● EXERCISE AIM: Without the images, print every line of the material below exactly as given.

● DATA PROVIDED:
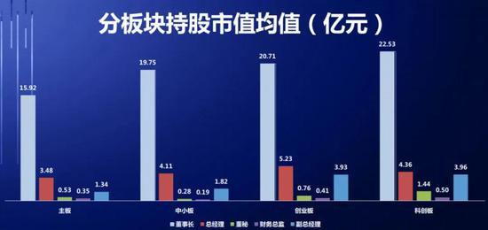 从持股市值上看,科创板董事长以及各高层持股市值远高于主板。2020年是科创板飞速发展的一年,科创板实现了资本市场和科技创新更加深度的融合。作为以科技创新型企业居多的科创板,吸引了大量高薪高科技人才,人力资源资本化程度更高。
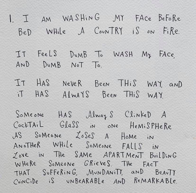 It’s hard living half a world away from an unjust war and watching it happen on TV. We can feel so helpless as we watch it play out, but have no resources to change anything from all the way over here. I saw a poem by Mari Andrew the other day posted on social media, which captures how many of us are feeling right now:
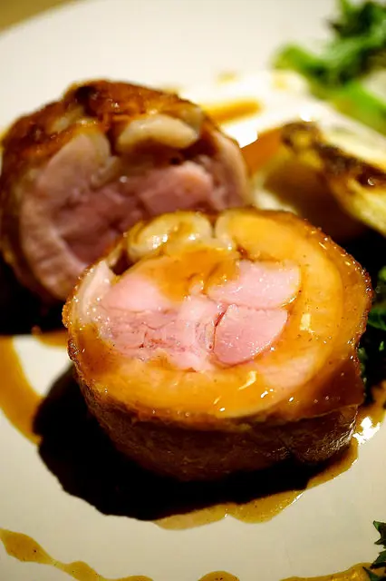 往內分別是杏色和粉紅色的雞肉,肉質往內也更加軟嫩
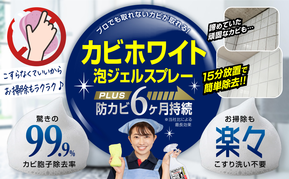 泡ジェルスプレータイプのため壁や天井に張り付き有効成分が持続します。

● SOLUTION:
 从持股市值上看,科创板董事长以及各高层持股市值远高于主板。2020年是科创板飞速发展的一年,科创板实现了资本市场和科技创新更加深度的融合。作为以科技创新型企业居多的科创板,吸引了大量高薪高科技人才,人力资源资本化程度更高。
 It’s hard living half a world away from an unjust war and watching it happen on TV. We can feel so helpless as we watch it play out, but have no resources to change anything from all the way over here. I saw a poem by Mari Andrew the other day posted on social media, which captures how many of us are feeling right now:
 往內分別是杏色和粉紅色的雞肉,肉質往內也更加軟嫩
 泡ジェルスプレータイプのため壁や天井に張り付き有効成分が持続します。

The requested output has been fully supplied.